Они хлопотали еще несколько минут — заглядывали в лицо, слушали сердце, потом врач сказала: «Бесполезно. Он уже остыл», и парень с чемоданчиком спросил:

— Вы родственник?

Я ответил:

— Нет. Он… Я привел его с улицы. Помог…

— Ваша фамилия, адрес.

Я сказал.

— Вам придется дождаться милиции.

— Хорошо, — сказал я.

Но врач посмотрела на меня и приказала:

— Пусть идет. Идите, натерпелись ни за что. Глеб Борисович, вызовите милицию. — Она все еще держала Гришина за руку.

— Спасибо, — сказал я. — Телефон в комнате за стеной.

Из прихожей я услышал голос парня с чемоданчиком:

— Сейчас, доктор, Похоже, сердечника я этого видел в Первой психиатрической…

Я сдернул с вешалки пальто, спустился по лестнице и, не оглядываясь, прошел мимо кареты. Мне показалось, что напротив дома стоит кудрявая девушка и рядом еще девчонка с прыгалками, но чем тут поможешь? И я не остановился. Побрел домой, машинально сворачивая там, где нужно, переходя площади и улицы, и как будто слышал: «Не пробуждай воспоминаний минувших дней — минувших дней». Наверно, я бормотал эти слова — около кинотеатра «Гигант» от меня шарахнулись две девицы в одинаковых ярко-красных пальто.

Мама открыла мне дверь, побледнела и спросила: «Нокаут?» У нее постоянный страх, что меня прикончат на ринге. Я ответил:

— Все в порядке. Устал немного, и все.

— Наташа звонила два раза, — сказала мама, погладила меня по руке и пошла к себе, оставив меня в коридоре, у телефона.

Было ясно, что если я не позвоню Наташе сию минуту, мама встревожится всерьез, и будет много разговоров. Я набрал Наташин номер, хотя чувствовал, что не надо бы этого делать, потому что «Не пробуждай воспоминаний» иссверлило мне всю голову.

— Слушаю… — сказала Наташа. — Слушаю вас, алло!

— Это я, Наташенька.

Она замолчала. Я слышал, как она дышит в трубку. Потом она проговорила:

— Никогда больше так не делай, никогда.
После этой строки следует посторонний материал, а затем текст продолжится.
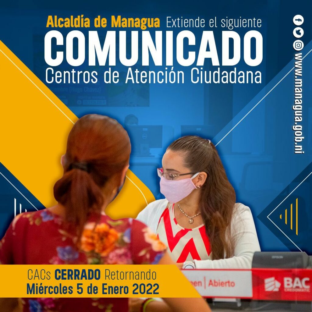 Alcaldía de Managua, informó lo Centros de Atención Ciudadanos estarán cerrados por las festividades de Fin de Año y Año Nuevo.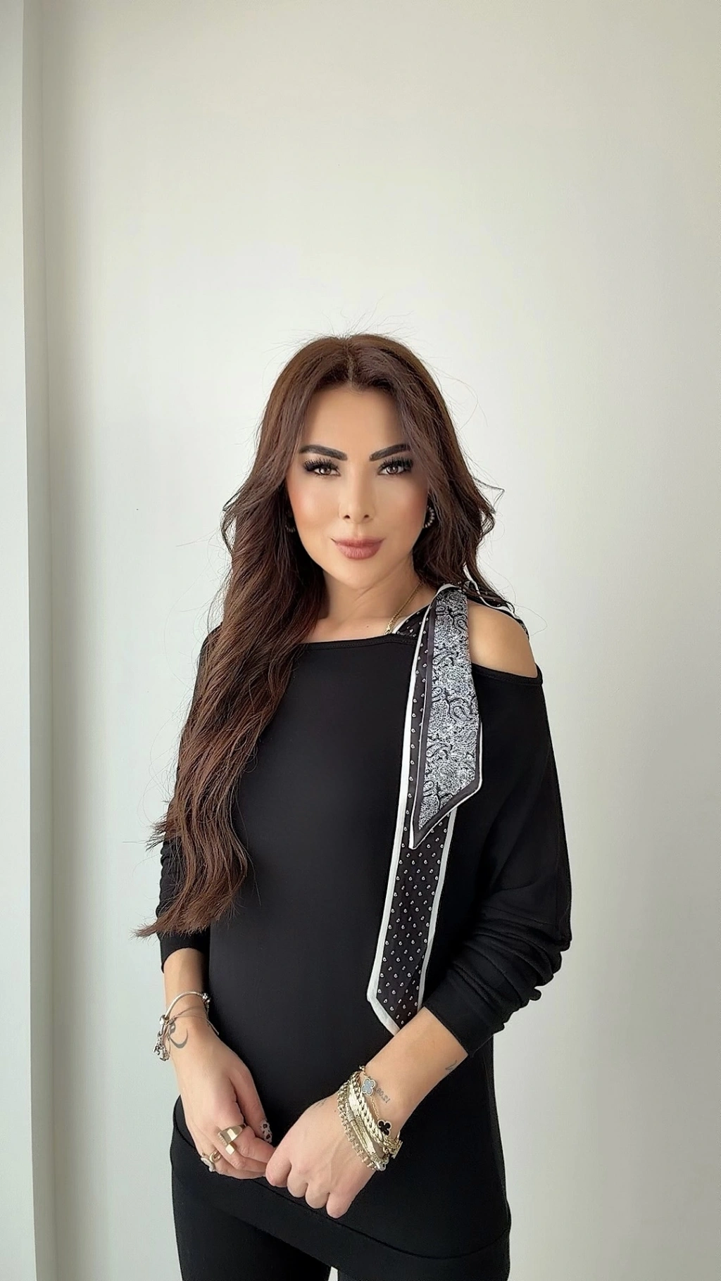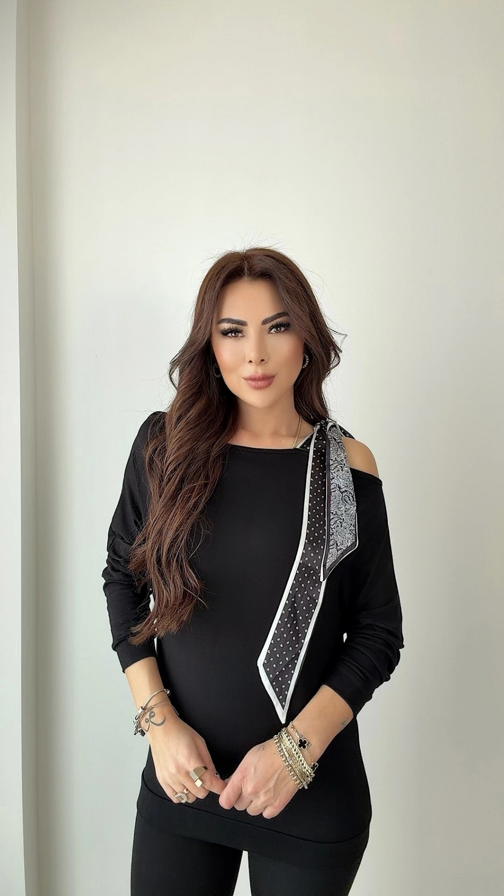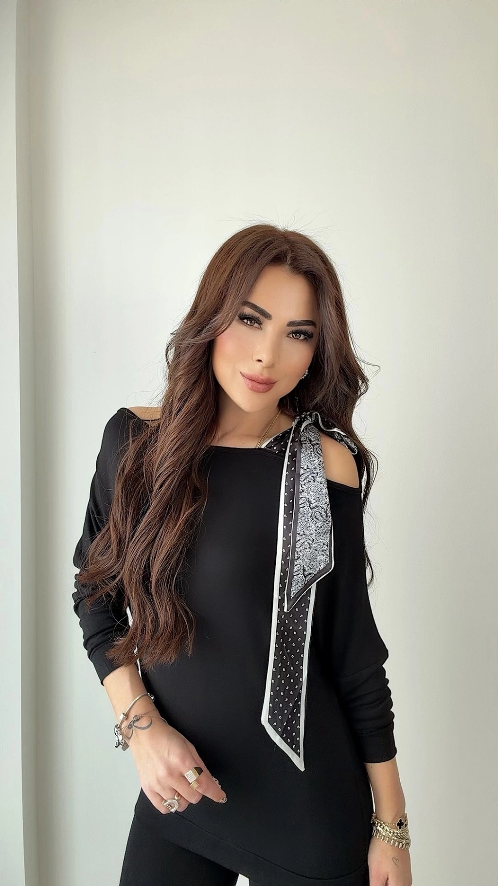 Kadın Uzun Kollu Fular Detay çilek Kumaş Bluz

Я думала… я думала… — и заплакала, а я стоял, прижимая трубку к уху, и не знал, что сказать, но мне было хорошо, что она плачет и я наконец-то дома.

Я дома. И на короткую секунду мне показалось, что Ничего не было, что все привиделось мне, пока я сидел на бульварной скамейке, и опять все как прежде — телефон, Наташа и желтый свет маленькой лампочки в коридоре. «Все как прежде», — сказал я мимо трубки и тут же услышал слабый удар об пол — внизу, рядом с левой ногой.

Обсидиановый нож прорезал карман и упал, вонзившись в пол, и, увидев его грубую рукоятку, я почему-то понял еще кое-что. Если все, что было и говорилось, быль, не гипноз, не бред гениального параноика, тогда я понял. Почему он молчал о своем прошлом, почему не сказал ничего — как достался ему обсидиановый нож, почему я тогда, в кабинете, после возвращения, ощущал смутный, скверный запах от ножа. Это было так же, как если бы я принес из прошлого свое рубило, но как он принес нож? Что он делал этим ножом? Наташа сказала: «Ох, и рева же я…» — и как обычно завела речь о своих институтских делах и подруге Варе, а я потихоньку опустил руку и потрогал в натянутом кармане провода и коробку. Если это не гипноз, что тогда? Все-таки удивительно — почему коробка никуда не включается? Вот так дела — никуда включать не надо…

Я глубоко вздохнул и подобрался, унимая легкую дрожь в спине и плечах. Так бывает в раздевалке перед выходом на ринг — дрожь в плечах и мысли медлительны и ясны. Наташа щебетала и смеялась где-то на другом конце города. Я положил трубку.

 

Знак равенства

Василий Васильевич уходил с вечеринки недовольный и много раньше, чем другие гости-сослуживцы. Слишком много там пили, по его мнению, а кассир Государственного банка должен быть воздержанным, как спортсмен. С похмелья и обсчитываются. Весь вечер Василий Васильевич помнил, что завтра в институтах день получки, и незаметно удалился при первой же возможности.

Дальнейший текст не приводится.